━━━━━ RECORDED DATA
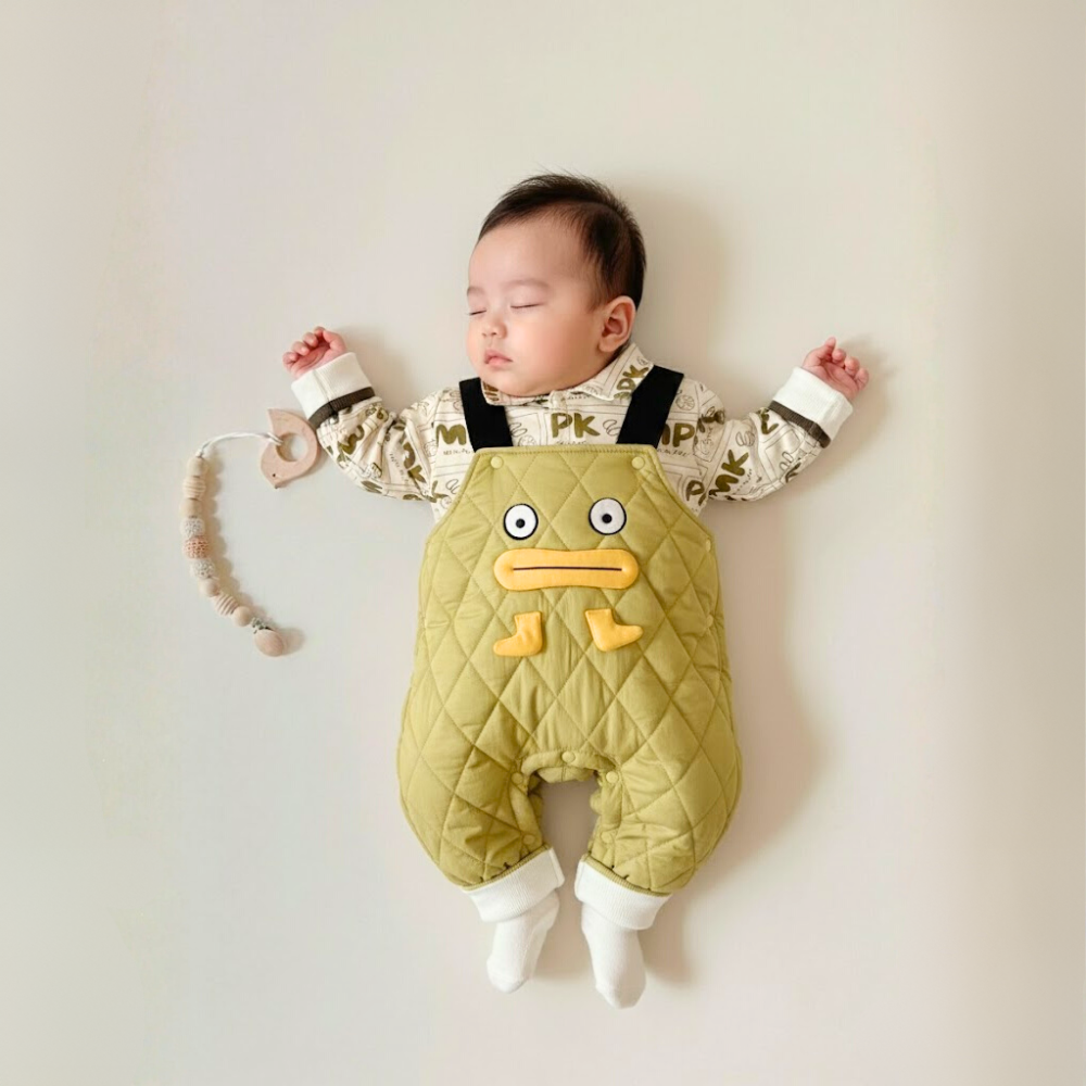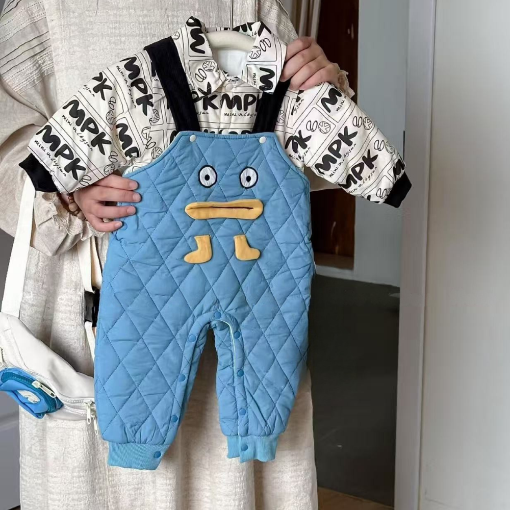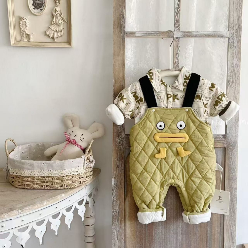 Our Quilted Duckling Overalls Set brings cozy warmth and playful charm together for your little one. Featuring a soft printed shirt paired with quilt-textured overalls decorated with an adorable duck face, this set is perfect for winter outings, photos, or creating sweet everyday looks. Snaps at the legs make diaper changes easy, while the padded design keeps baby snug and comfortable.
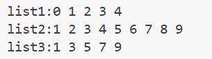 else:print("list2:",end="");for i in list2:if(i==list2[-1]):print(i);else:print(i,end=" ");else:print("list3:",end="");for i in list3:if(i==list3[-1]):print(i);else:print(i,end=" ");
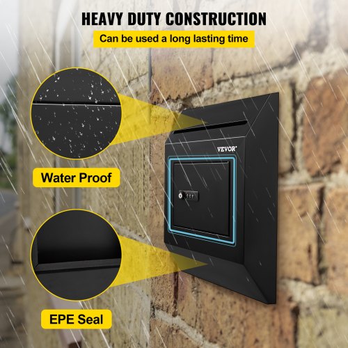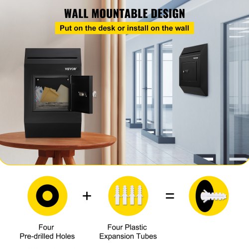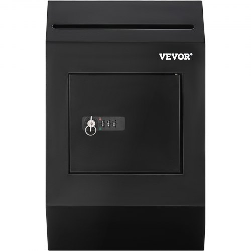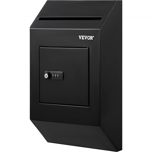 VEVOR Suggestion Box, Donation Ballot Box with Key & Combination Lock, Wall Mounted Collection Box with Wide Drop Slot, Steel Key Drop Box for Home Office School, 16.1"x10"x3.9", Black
━━━━━━━━━━
WORK TASK => Write out the listing above in full, word for word, with no pictures.

SOLUTION FOR THIS EXERCISE =>
 Our Quilted Duckling Overalls Set brings cozy warmth and playful charm together for your little one. Featuring a soft printed shirt paired with quilt-textured overalls decorated with an adorable duck face, this set is perfect for winter outings, photos, or creating sweet everyday looks. Snaps at the legs make diaper changes easy, while the padded design keeps baby snug and comfortable.
 else:print("list2:",end="");for i in list2:if(i==list2[-1]):print(i);else:print(i,end=" ");else:print("list3:",end="");for i in list3:if(i==list3[-1]):print(i);else:print(i,end=" ");
 VEVOR Suggestion Box, Donation Ballot Box with Key & Combination Lock, Wall Mounted Collection Box with Wide Drop Slot, Steel Key Drop Box for Home Office School, 16.1"x10"x3.9", Black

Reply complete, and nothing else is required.